WE LIE IN a sweaty heap, Wyn toying with one of my curls, his lungs lifting and lowering me like a boat on a tide. “Do you forgive them?” I whisper.

“Honestly,” he says, “I was having trouble being mad. I know they shouldn’t have lied, but . . . I don’t know. It’s felt worth it. To be here. To see you.”

“To me too,” I whisper, holding him a little tighter. Then, after another minute: “Do you think they’ll forgive us?”

“Yes,” he says.

“You didn’t think about it,” I chide.

“I didn’t need to,” he says.

I lift up to peer into his eyes. “How are you so sure?”

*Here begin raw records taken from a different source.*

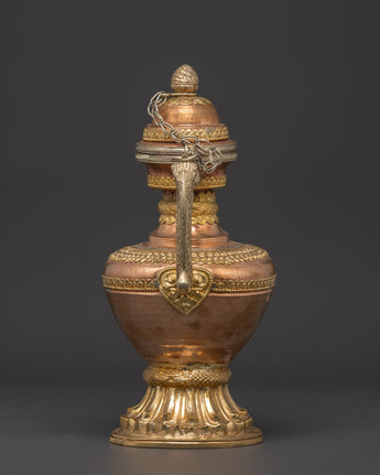 Enhance your spiritual practice with this handcrafted Copper Bhumba Set, made of copper and brass components. Each piece measures 30cm in height and 21.5cm in width, weighing approximately 0.93kg, for a total set weight of 1.86kg. This provides an attractive and reliable feel, ideal for tantric rituals and meditation ceremonies.
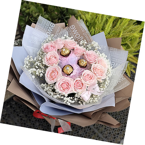 【火熱愛情】紅玫瑰滿天星情人節花束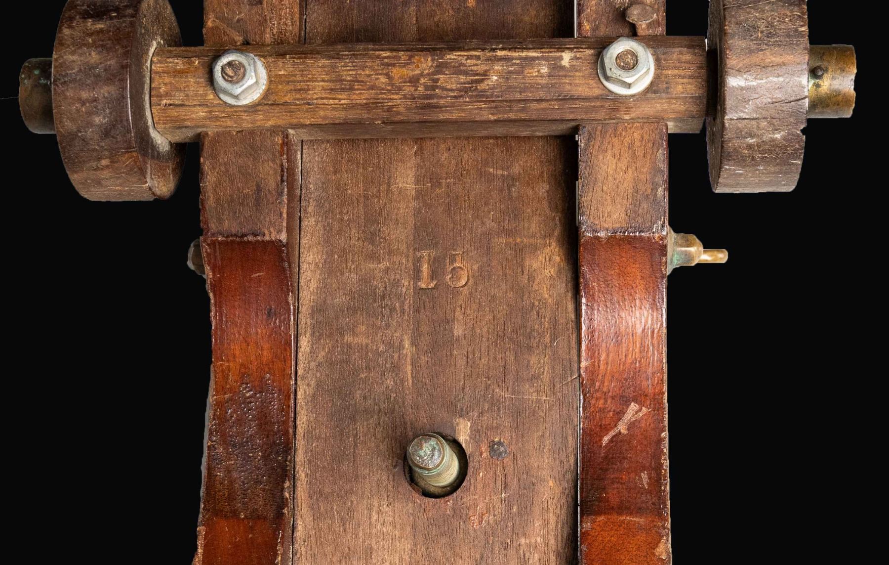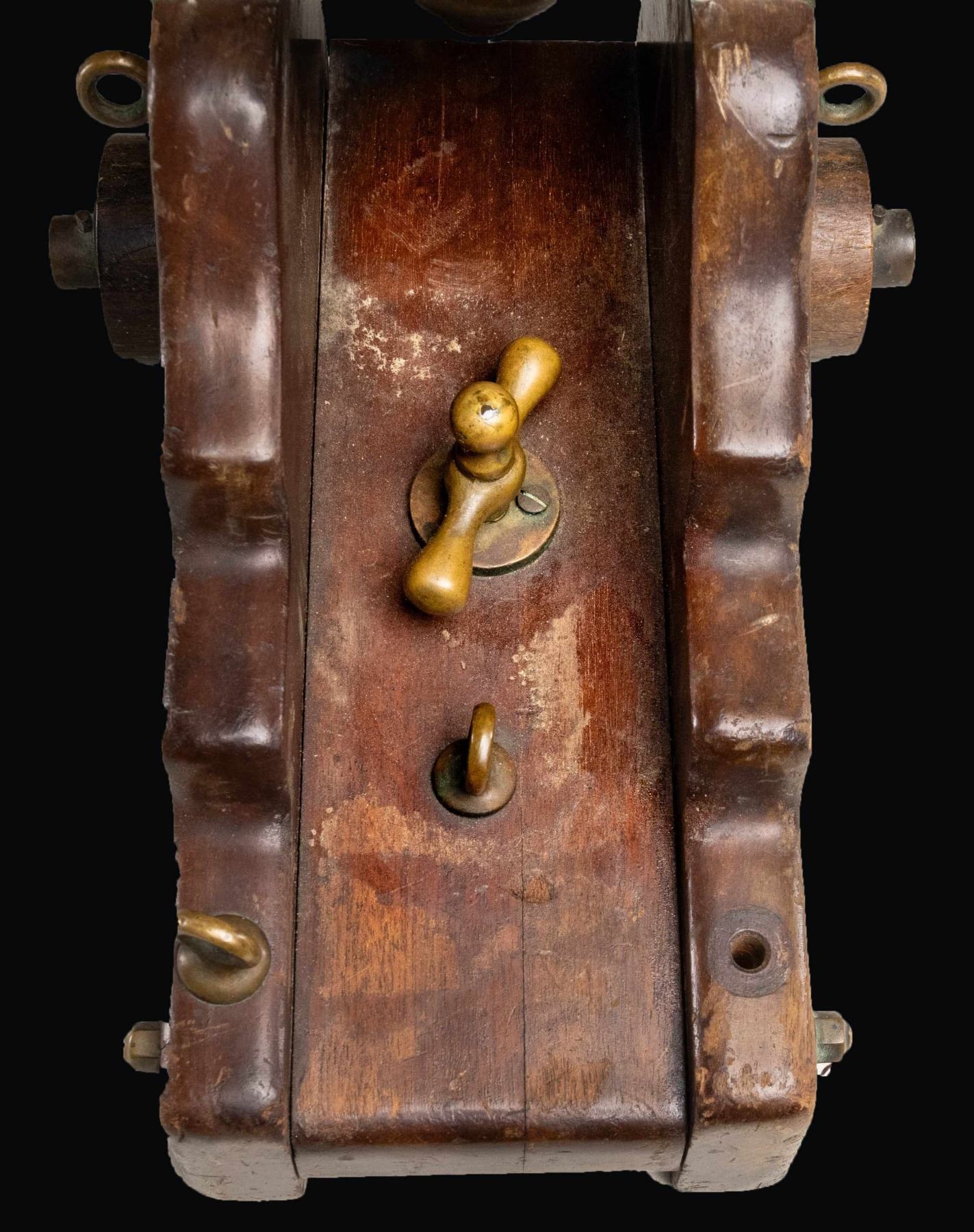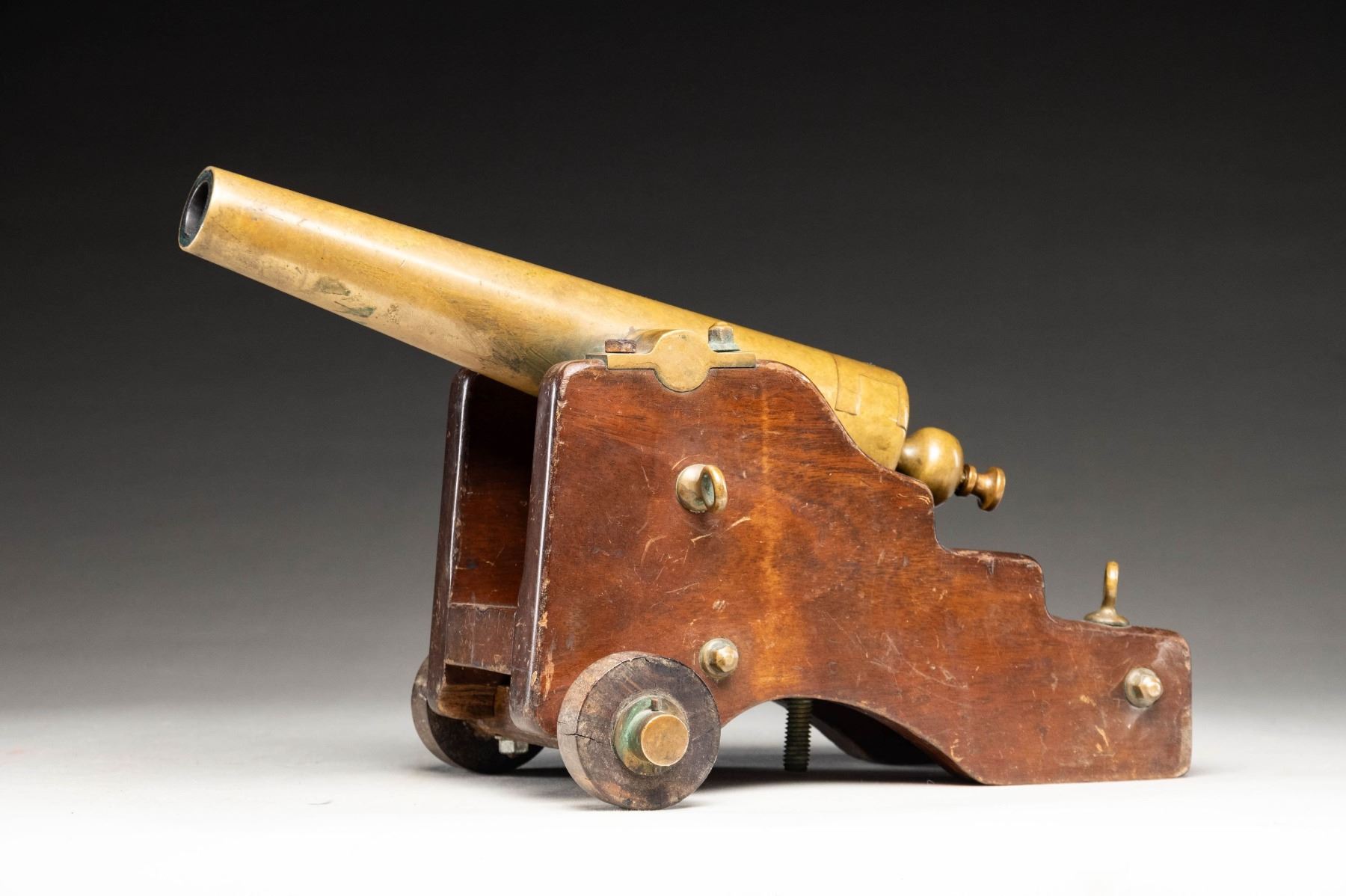 Cal. 10 gauge blank "Strong" Yacht cannon made by LT Snow of New Haven CT. Brass cannon measures 13" in length. Cannon measures 16" overall from rear of carriage to muzzle. Rear brass carriage ring & one mount nut are all missing. Hardwood carriage. CONDITION: base of carriage shows a 4 3/4" crack at rear, carriage otherwise shows scattered finish wear, dings & scuffing. Brass parts are a dull yellow color with scattered oxidation & light ding dings. Good bore with light oxidation & usage wear. (02-26086/MJC). NON-GUN. $4,000-6,000.

“More Hank wisdom,” he says. “Love means constantly saying you’re sorry, and then doing better.”

I smile, let my fingers play across Wyn’s chest. “He did okay with you, Wyn Connor. He’d be proud.”

He wraps his arms tight around me. “I’m glad you think so.”

Within minutes, I’m asleep, dreaming of a sunlit pine forest, the warm wood of a table beneath me, the smell of clove everywhere. And I know this place, even if I can’t name it. I know that I’m safe, that I belong.

33

REAL LIFE

Saturday

WYN LEFT THE drapes and windows open last night, and now the room is cold and bright, salt wafting in on the breeze, and bringing with it the distant squawk of herring gulls. My body feels like melted ice cream, in the best way. Bits of last night glance over my mind: hands fisting into bedding and hair and skin, ragged whispers and pleas.

And then everything that came before.

The fight. The rest of the week. Everything with Wyn.

That today is the last day of our trip.

The pleasant soreness gives way. Now I feel like I’ve been hit by a bus, then backed over and hit one more time at an angle. Wyn is fast asleep, one arm still draped over my ribs and one corner of his mouth lifted. My chest aches at the sight.